◆ The task
Starting at the line that contains "Beautiful Gold Plated", transcribe every remaining line of the data below exactly, and omit all pictures.

◆ Data below
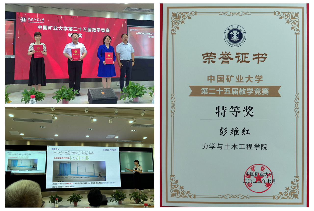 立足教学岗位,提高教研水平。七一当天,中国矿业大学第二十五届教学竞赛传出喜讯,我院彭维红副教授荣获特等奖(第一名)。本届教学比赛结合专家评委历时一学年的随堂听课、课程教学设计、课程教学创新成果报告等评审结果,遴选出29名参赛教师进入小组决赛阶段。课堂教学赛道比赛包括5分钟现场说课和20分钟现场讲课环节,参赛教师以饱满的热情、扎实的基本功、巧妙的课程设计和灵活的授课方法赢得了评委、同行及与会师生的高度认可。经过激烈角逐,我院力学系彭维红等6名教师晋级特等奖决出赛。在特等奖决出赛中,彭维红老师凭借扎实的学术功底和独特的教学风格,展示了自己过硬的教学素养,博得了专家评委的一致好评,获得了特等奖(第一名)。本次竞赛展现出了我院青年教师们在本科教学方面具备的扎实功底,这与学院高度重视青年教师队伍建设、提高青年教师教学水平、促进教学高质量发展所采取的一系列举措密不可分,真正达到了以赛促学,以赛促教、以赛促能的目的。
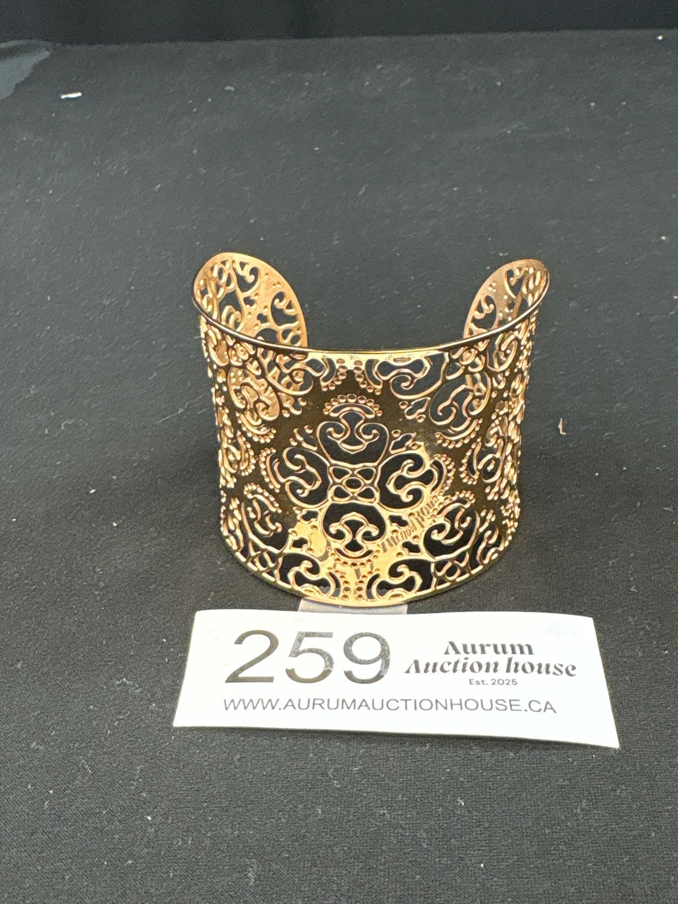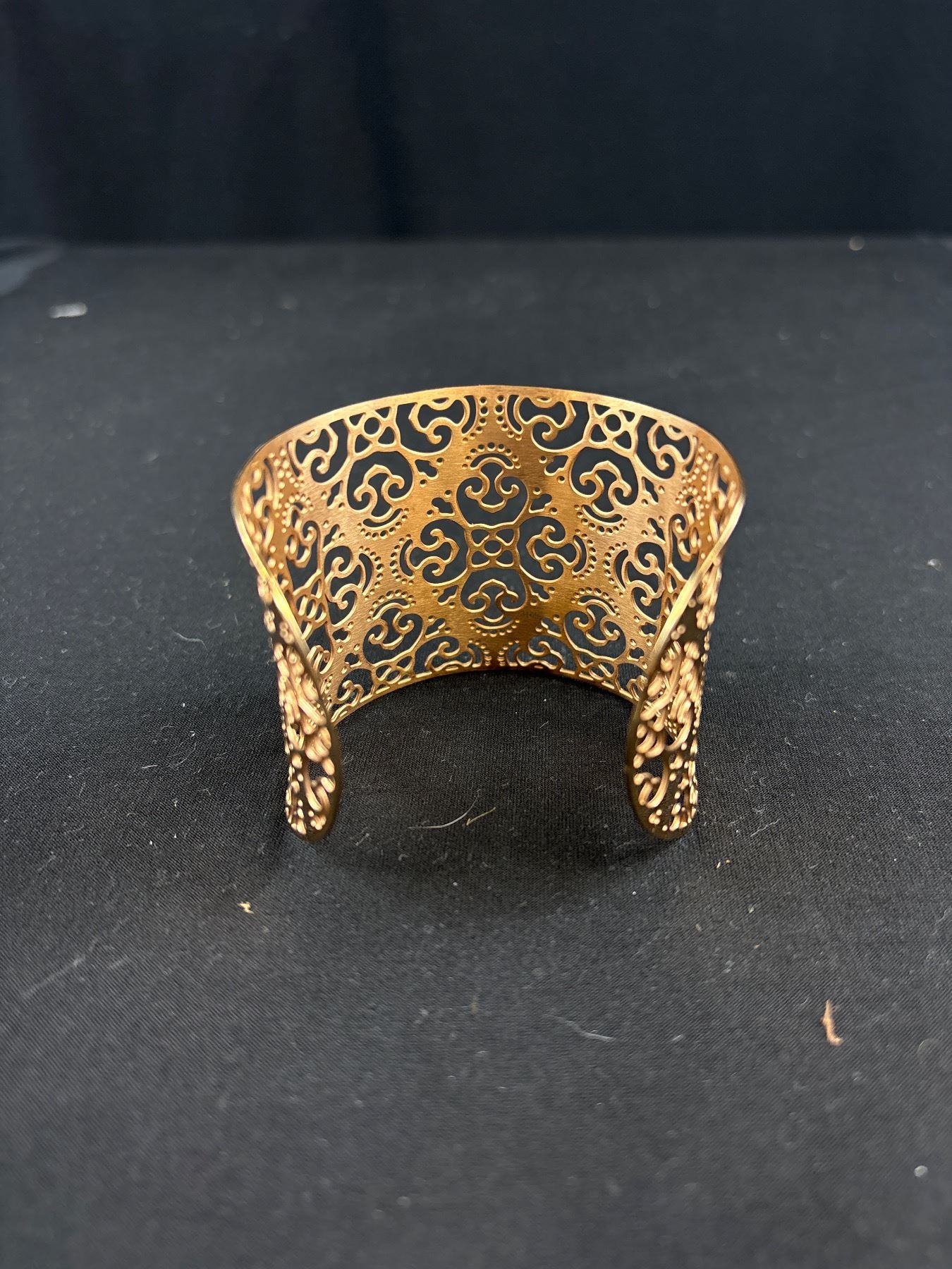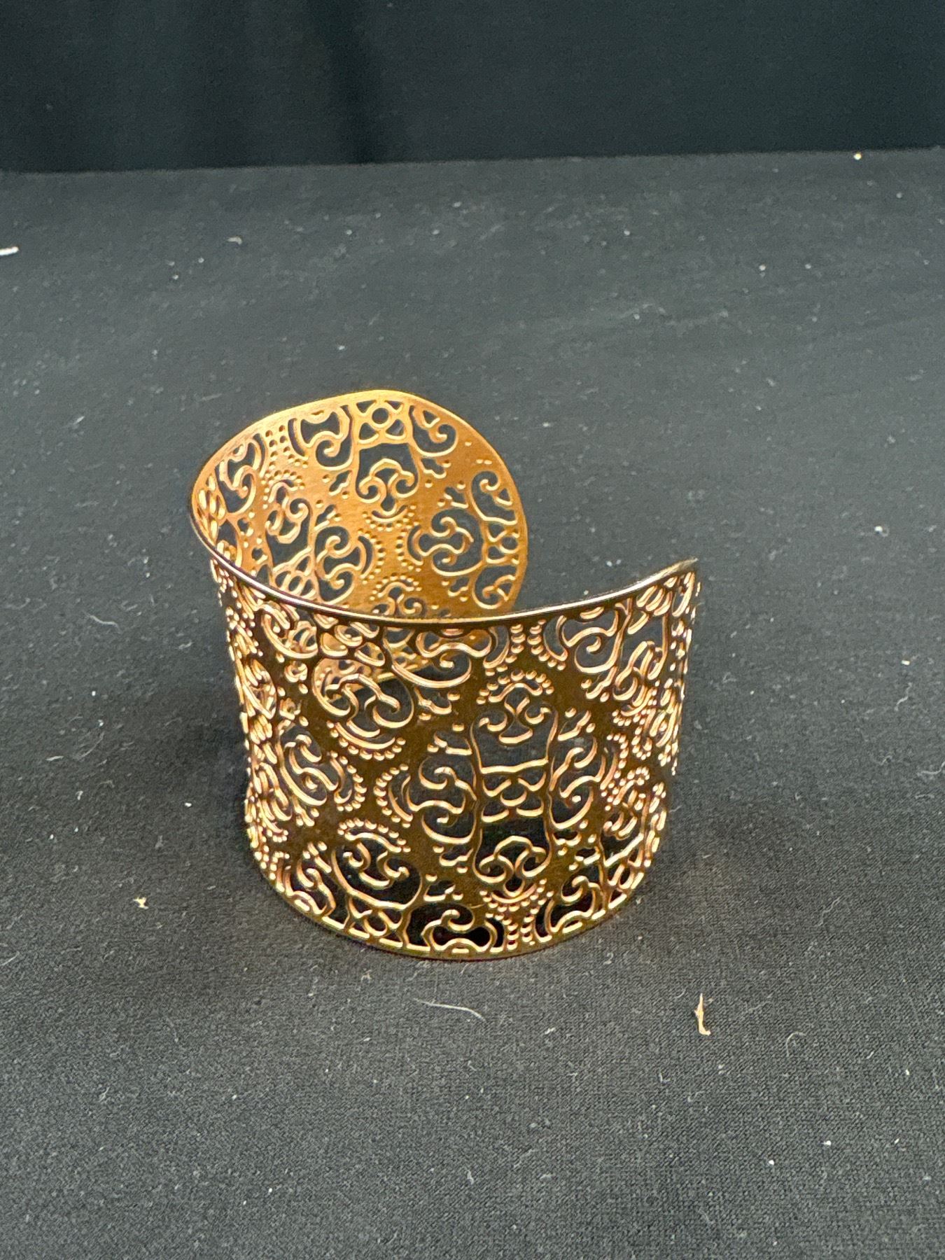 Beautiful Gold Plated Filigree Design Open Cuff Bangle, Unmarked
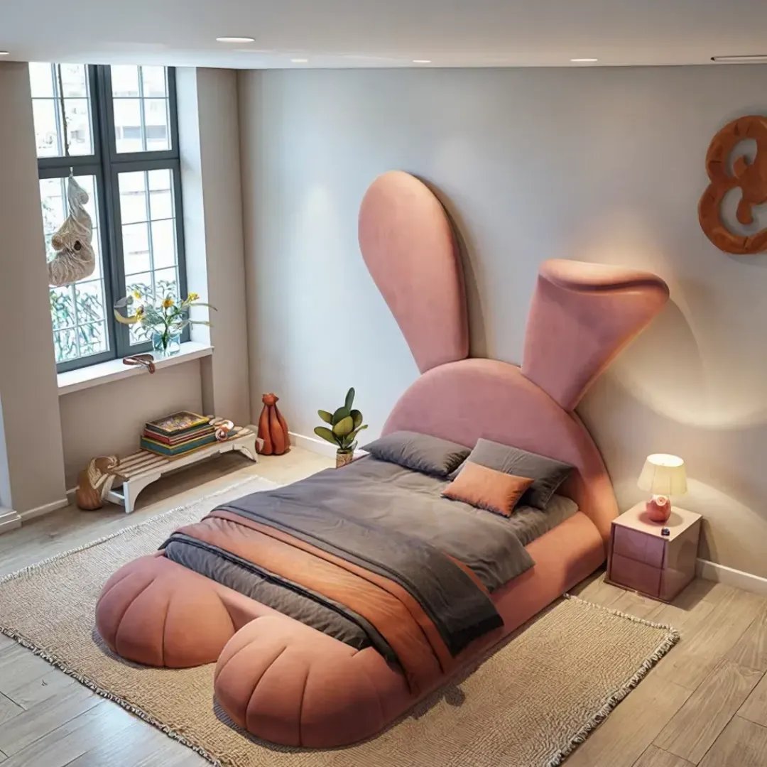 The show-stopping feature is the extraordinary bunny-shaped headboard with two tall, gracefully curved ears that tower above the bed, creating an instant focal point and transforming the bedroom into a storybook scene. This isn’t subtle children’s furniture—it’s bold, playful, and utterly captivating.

◆ Answer to this exercise
 Beautiful Gold Plated Filigree Design Open Cuff Bangle, Unmarked
 The show-stopping feature is the extraordinary bunny-shaped headboard with two tall, gracefully curved ears that tower above the bed, creating an instant focal point and transforming the bedroom into a storybook scene. This isn’t subtle children’s furniture—it’s bold, playful, and utterly captivating.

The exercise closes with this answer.